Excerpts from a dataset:
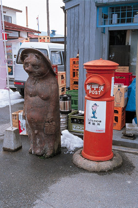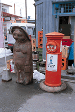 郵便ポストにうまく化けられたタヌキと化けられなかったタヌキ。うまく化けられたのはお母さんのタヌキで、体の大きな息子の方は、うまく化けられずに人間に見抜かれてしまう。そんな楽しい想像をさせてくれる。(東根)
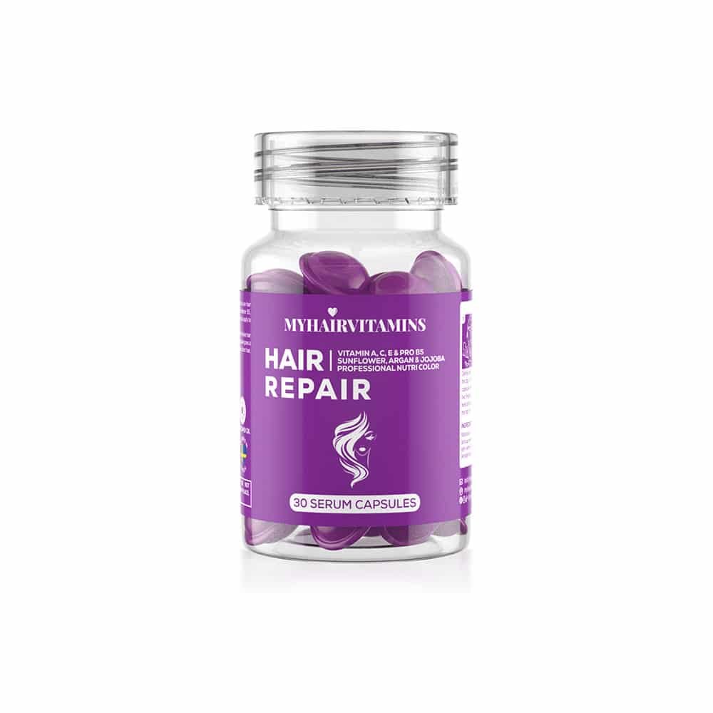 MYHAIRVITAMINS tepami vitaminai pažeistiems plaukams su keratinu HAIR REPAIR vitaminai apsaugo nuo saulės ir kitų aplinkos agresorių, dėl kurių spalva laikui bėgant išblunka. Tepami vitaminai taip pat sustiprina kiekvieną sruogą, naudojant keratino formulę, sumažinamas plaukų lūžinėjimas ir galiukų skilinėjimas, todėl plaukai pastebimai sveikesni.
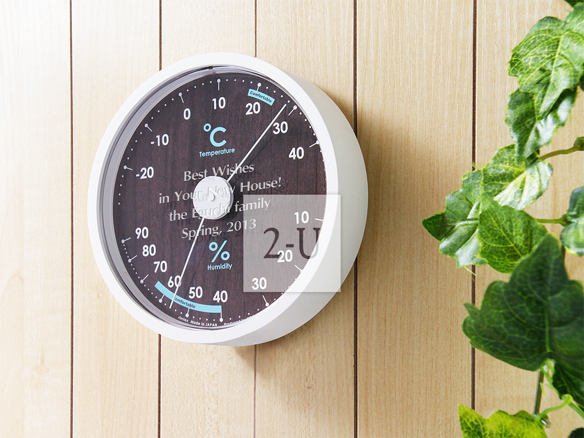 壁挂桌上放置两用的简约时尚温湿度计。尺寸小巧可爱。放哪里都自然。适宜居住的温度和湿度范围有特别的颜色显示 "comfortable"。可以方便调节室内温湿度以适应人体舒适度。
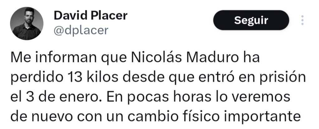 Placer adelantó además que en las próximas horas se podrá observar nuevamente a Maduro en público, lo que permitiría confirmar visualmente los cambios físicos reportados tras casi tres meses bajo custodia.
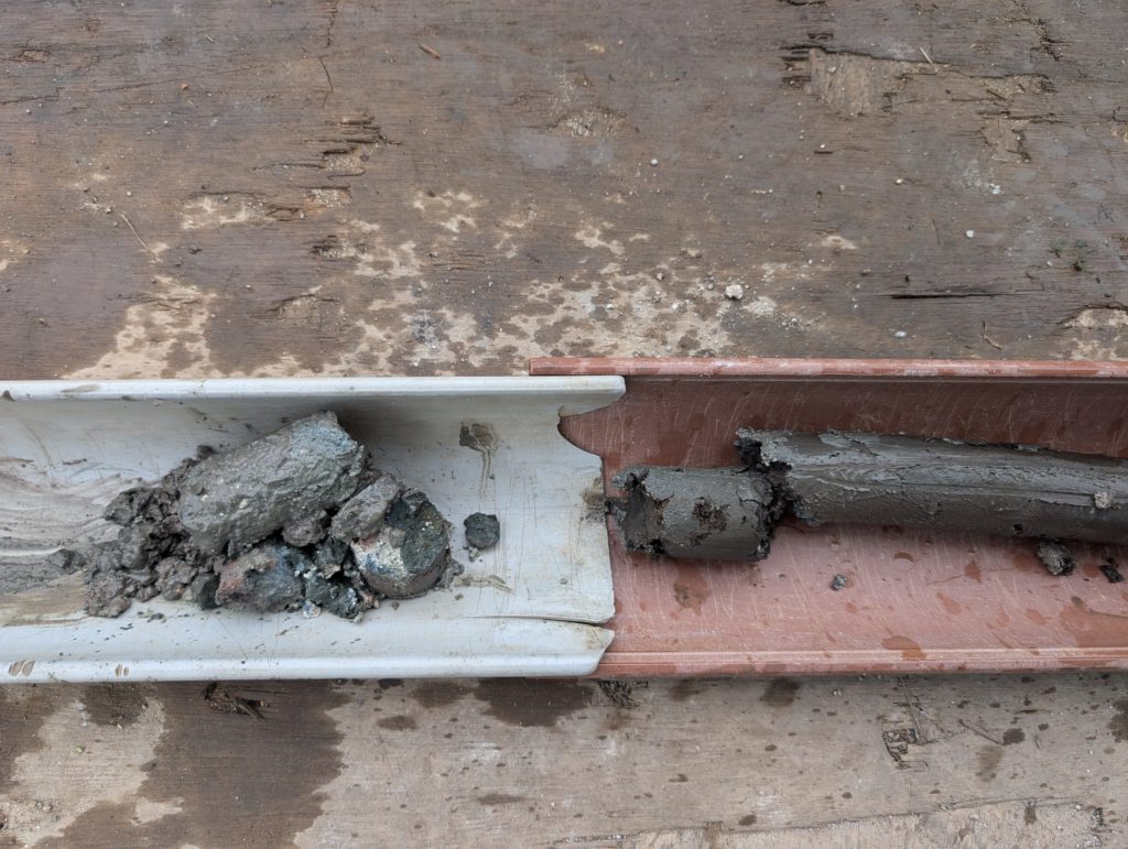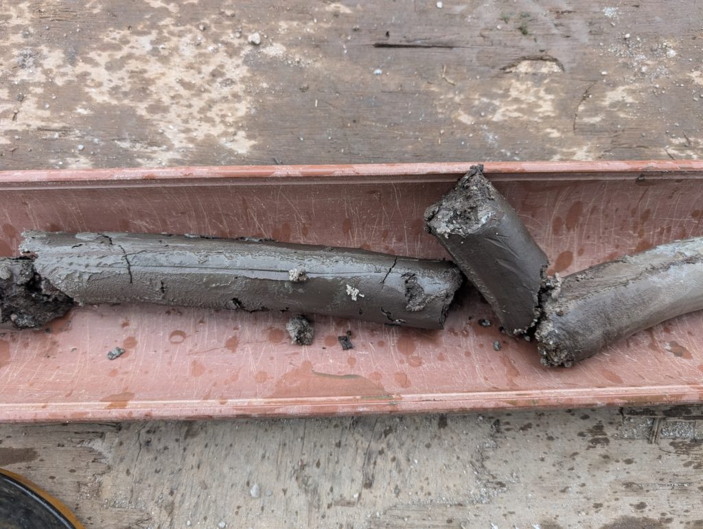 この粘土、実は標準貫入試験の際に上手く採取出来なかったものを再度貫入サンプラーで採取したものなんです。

• _What you should do_: The lines to retype begin with the one containing "MYHAIRVITAMINS tepami vitaminai" and end with the last line of the records. Reproduce them exactly and omit the pictures.

• _Result_:
 MYHAIRVITAMINS tepami vitaminai pažeistiems plaukams su keratinu HAIR REPAIR vitaminai apsaugo nuo saulės ir kitų aplinkos agresorių, dėl kurių spalva laikui bėgant išblunka. Tepami vitaminai taip pat sustiprina kiekvieną sruogą, naudojant keratino formulę, sumažinamas plaukų lūžinėjimas ir galiukų skilinėjimas, todėl plaukai pastebimai sveikesni.
 壁挂桌上放置两用的简约时尚温湿度计。尺寸小巧可爱。放哪里都自然。适宜居住的温度和湿度范围有特别的颜色显示 "comfortable"。可以方便调节室内温湿度以适应人体舒适度。
 Placer adelantó además que en las próximas horas se podrá observar nuevamente a Maduro en público, lo que permitiría confirmar visualmente los cambios físicos reportados tras casi tres meses bajo custodia.
 この粘土、実は標準貫入試験の際に上手く採取出来なかったものを再度貫入サンプラーで採取したものなんです。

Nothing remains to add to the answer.